Lastly the, the power structures in place in SF saw an opportunity to take down a progressive, left-leaning Sheriff. It may have started with the neighbor, then to the editor of the SF Chronicle to all other levels of City Hall who gained from not having Mirkarimi in power. Mirkarimi was a threat to them and they took him down with this incident of DV - sadly his wife and child went down along with him. Moral of the story for Mirkarimi - no one is perfect, we all carry contradictions no matter if we're fighting for justice. This is a sad reminder to work on our contradictions before those who are against us figure them out and use them to their advantage.

Posted by Guest on Mar. 29, 2012 @ 3:56 pm

Guest, I agree with your point in the main, but would ask you consider that it *is* possible for a white person to have a clue regarding race. One needs only to have found oneself -- at some point in their lives, and for a variety of possible reasons -- to be visible to those in a majority group as one deserving of automatic derision or reproach. When a political gain is witnessed accompanying such treatment, the complete understanding is possible.

Again. I agree with your point in the main, and I suspect you are spot-on with regard to this particular thread.

Posted by lillipublicans on Apr. 05, 2012 @ 2:18 pm

Right on! Sure white people are not affected by racism --THEY HAVE CREATED Racism, and they endure it as deeply as inhumanly possible. To know that even those who call themselves "white" are the result of mix races! oh people...

Posted by Guest-An on Mar. 31, 2012 @ 9:16 pm

Ross Mirkarimi plead guilty to grabbing his wife's arm. Let's not lose sight of that or equate it with the more virulent cases of wife battery which continue to exist throughout his suspension.

Mirkarimi plead guilty to a crime, but it isn't the sort of thing which neccessitates his remove from office under the city's ethics law. Recall him if you like: it is your right to try.

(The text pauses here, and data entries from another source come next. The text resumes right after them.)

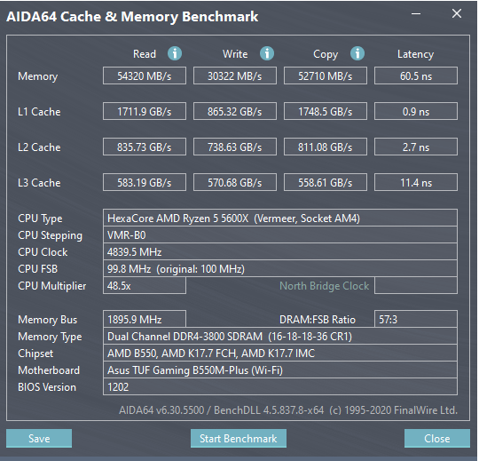 Hab erstmal geschaut halbwegs stabil was hinzubekommen, mit sehr laschen Timings. Den IF von 2000 schafft die CPU (vielleicht bisher) nicht. Interessant: Wenn ich nur mit XMP starte (3200 CL14) kommen im AIDA 61,5ns raus. Das ist ca. das Ergebnis, an dem mit dem R5 3600 nicht mehr weiter kam.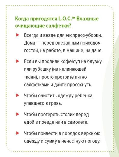 Пропитанные L.O.C. Многофункциональным чистящим средством LOC Влажные очищающие салфетки с легким ароматом свежести предназначены для удаления случайных пятен с поверхностей и изделий, окрашенных стойкими красителями. Бархатистые, мягкие и удобно упакованные в компактный многоразовый пакет салфетки не травмируют кожу рук и безопасны для очищения любых моющихся поверхностей.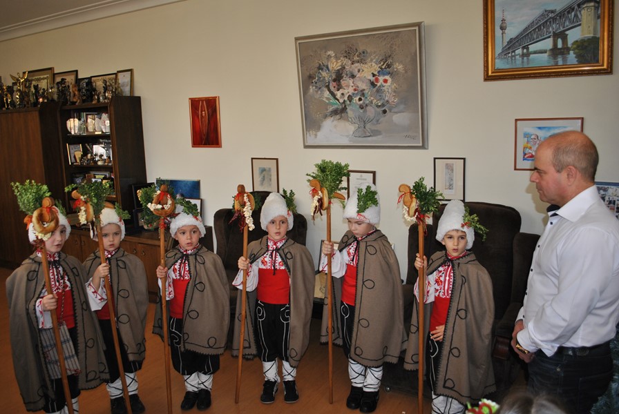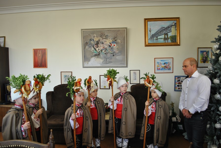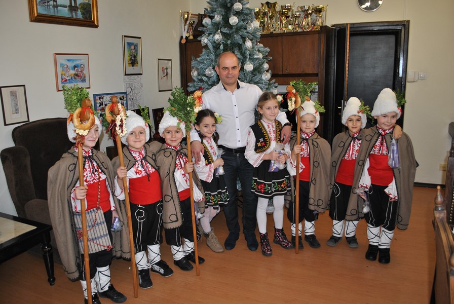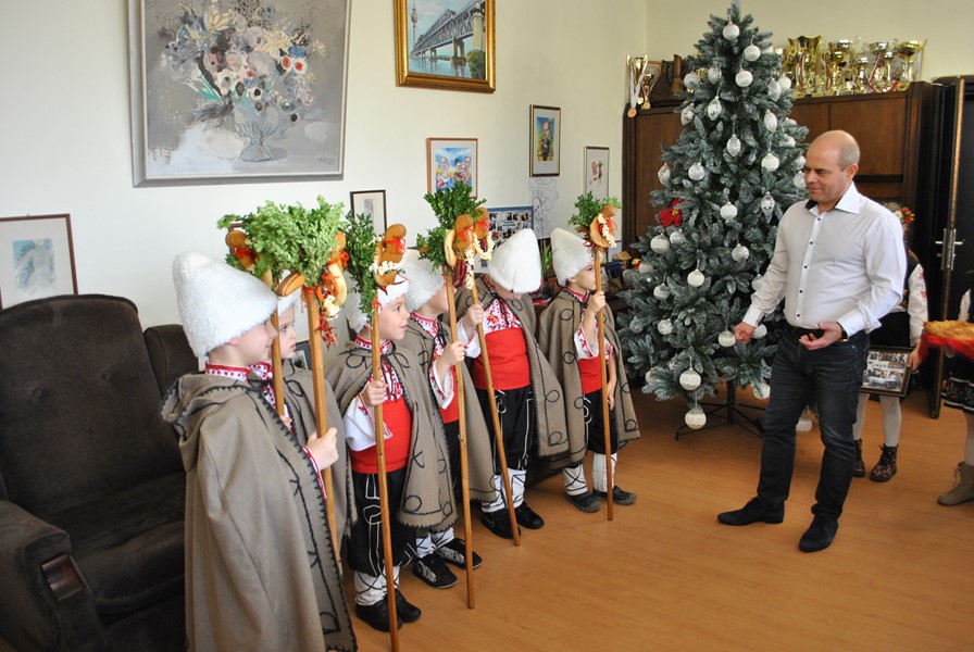 Коледари от детска градина „Чучулига“, заедно със свои преподаватели и с директора на учебното заведение г-жа Скарлет Гвоздейкова, гостуваха на кмета на Община Русе г-н Пламен Стоилов.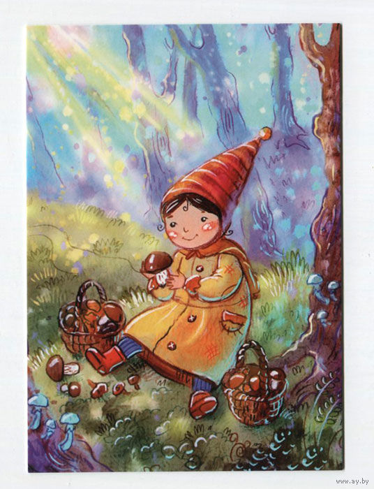 Открытка почтовая. Осень. Дети. Девочка. Грибы. Лес. Худож. А.Столбова (чистая)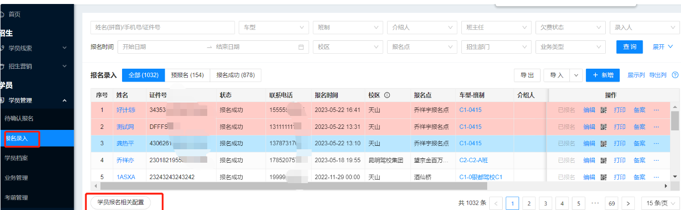 2)报名录入中可以进行报名相关配置,根据驾校自身情况进行配置。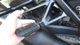 ということで、塗装終了。ゴムが乗る面は見えなくなるので、見える部分のみ塗装実施。 これで、タンデムステップをたたんだ時、シルバーだったのが黒になるので、全体に調和するはず。 ほぼタンデム乗車なのでたたむことは少ないけど。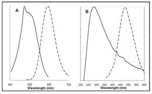 ![]() 在PROTEOSTAT?聚集小體檢測試劑(A)和Hoechst 33342核染色(B)的激發和發射光譜。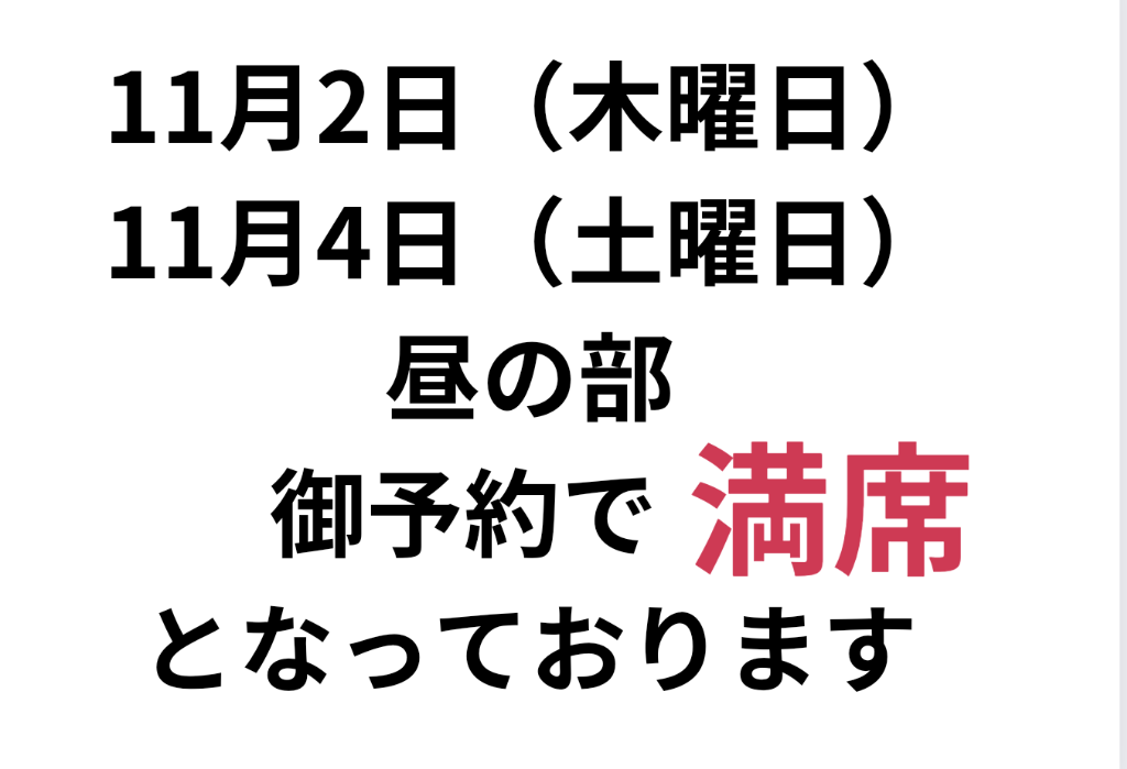 #姫路ランチ#姫路グルメ#庶民の料亭あじ#満席のご案内#11月2日#11月4日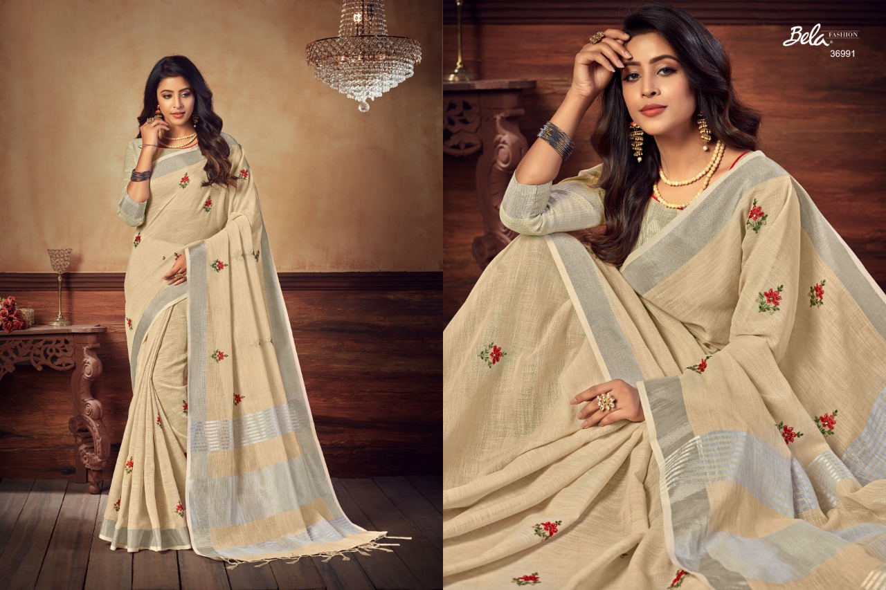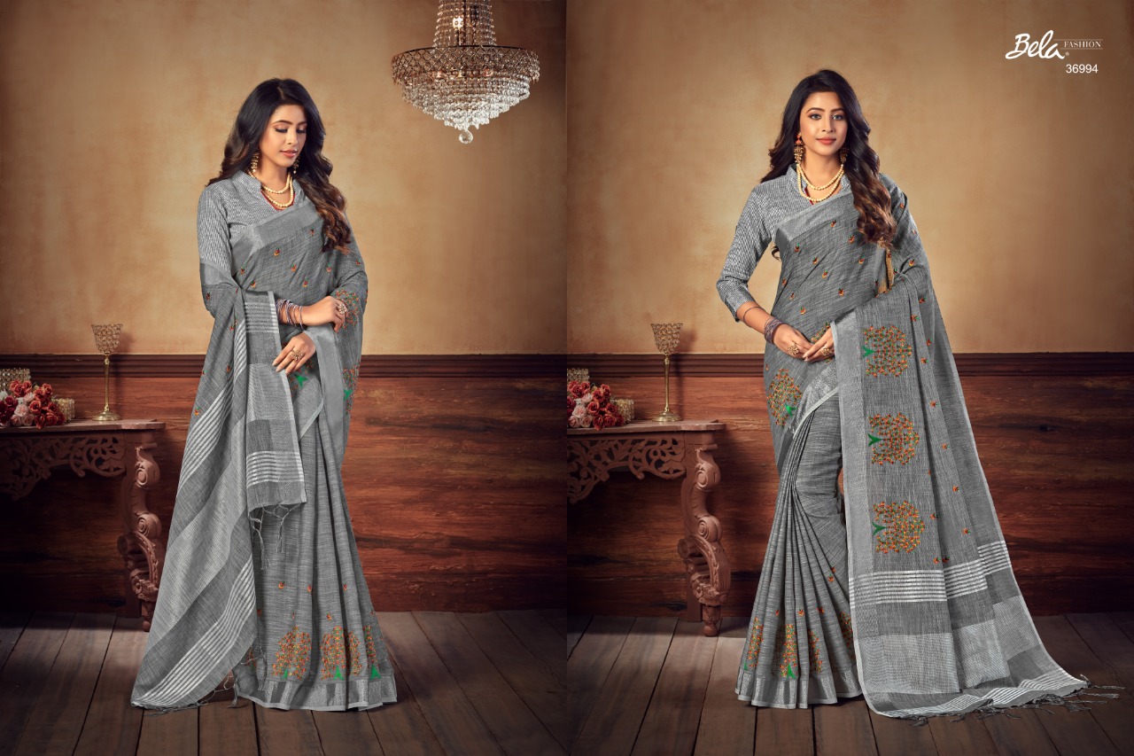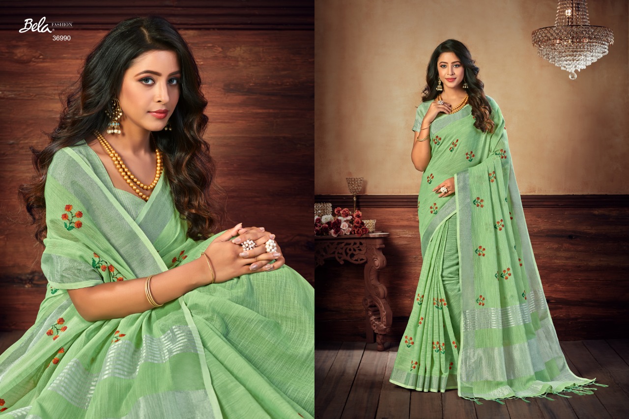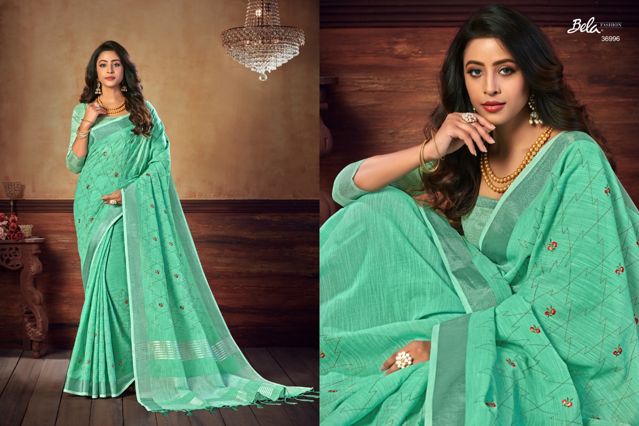 Bela Presenting Jade Vol 3 Linen Embroidery New Design Stylish Saree Online Exporter

Posted by lillipublicans on Apr. 05, 2012 @ 2:38 pm

Well said.

Posted by Guest on Apr. 06, 2012 @ 12:50 am

I stand with Eliana, and I agree with this 110%. This was a beautifully written, nuanced, and sorely needed perspective. This isn't just the best article I've seen on this case, particularly in light of the fact that Eliana finally gets to tell us her perspective, but this may just be the best article I've seen on the whole subject of domestic violence. Ever.

As a recent immigrant, I think Eliana underestimated both the viciousness of the political class, and the degree to which this whole country is brainwashed by a PC orthodoxy which allows for no nuance, no reason, no compassion. The combination of the two is a toxic brew that has led to a horrific miscarriage of "justice," if such a word can even be used to describe this mockery.

Contrast that with the approach outlined by Ms. Melgar. THIS is the approach we need. THIS is progressive. It cuts through the cheap rhetoric of self-serving political actors -debate by soundbites -and talks about real solutions in a way that recognizes the humanity of all involved.

Posted by Greg on Mar. 27, 2012 @ 4:57 pm

Something we agree on although I have to say that I associate PC'ness 100% with liberals.

The problem is that, if we're really going to reject PC'ness, then we should not be seeing articles like this that focus on gender, race and immigration status, all of which are PC labels that liberals use to divide and conquer.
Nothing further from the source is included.